Biophys J. 2010 Sep 22;99(6):1861-8. doi: 10.1016/j.bpj.2010.07.018.
Caldesmon is an actin- and myosin-binding protein found in smooth muscle that inhibits actin activation of myosin ATPase activity. The activity of caldesmon is controlled by phosphorylation and by binding to Ca(2+)-calmodulin. We investigated the effects of phosphorylation by p(21)-activated kinase 3 (PAK) and calmodulin on the 22 kDa C-terminal fragment of caldesmon (CaD22). We substituted the major PAK sites, Ser-672 and Ser-702, with either alanine or aspartic acid to mimic nonphosphorylated and constitutively phosphorylated states of caldesmon, respectively. The aspartic acid mutation of CaD22 weakened Ca(2+)-calmodulin binding but had no effect on inhibition of ATPase activity. Phosphorylation of the aspartic acid mutant with PAK resulted in the slow phosphorylation of Thr-627, Ser-631, Ser-635, and Ser-642. Phosphorylation at these sites weakened Ca(2+)-calmodulin binding further and reduced the inhibitory activity of CaD22 in the absence of Ca(2+)-calmodulin. Phosphorylation of these sites of the alanine mutant of CaD22 had no effect on Ca(2+)-calmodulin binding but did reduce inhibition of ATPase activity. Thus, the region between residues 627 and 642 may contribute to the overall regulation of caldesmon's activity.

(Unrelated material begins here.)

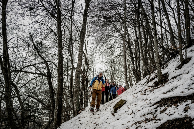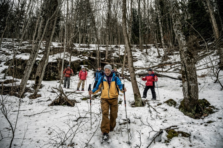 Laurent Ficheur mène sa petite troupe en raquettes à neige dans la forêt des Deux Alpes, en Isère, sur une neige croutée et abimée par la pluie tombée trop haut ces derniers jours.
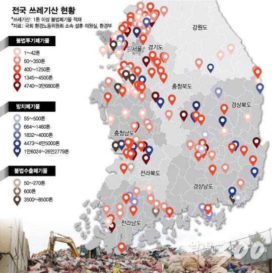 각 지역별로 보면 경기도 외에도 충청도와 전라도 등지에서도 많은 양의 쓰레기가 쌓여 있는 상황입니다.

钙调蛋白是一种存在于平滑肌中的肌动蛋白和肌球蛋白结合蛋白,可抑制肌球蛋白 ATP 酶的活性。钙调蛋白的活性受磷酸化和与 Ca(2+)-钙调蛋白结合的控制。我们研究了 p(21)激活激酶 3(PAK)和钙调蛋白对钙调蛋白 22 kDa C 末端片段(CaD22)的磷酸化作用的影响。我们用丙氨酸或天冬氨酸分别替代主要的 PAK 位点丝氨酸-672 和丝氨酸-702,模拟钙调蛋白的非磷酸化和组成性磷酸化状态。CaD22 的天冬氨酸突变削弱了 Ca(2+)-钙调蛋白的结合,但对 ATP 酶活性的抑制没有影响。用 PAK 对天冬氨酸突变体进行磷酸化导致 Thr-627、Ser-631、Ser-635 和 Ser-642 的缓慢磷酸化。这些位点的磷酸化进一步削弱了 Ca(2+)-钙调蛋白的结合,并降低了 Ca(2+)-钙调蛋白不存在时 CaD22 的抑制活性。CaD22 丙氨酸突变体这些位点的磷酸化对 Ca(2+)-钙调蛋白的结合没有影响,但确实降低了 ATP 酶活性的抑制。因此,残基 627 至 642 之间的区域可能有助于钙调蛋白活性的整体调节。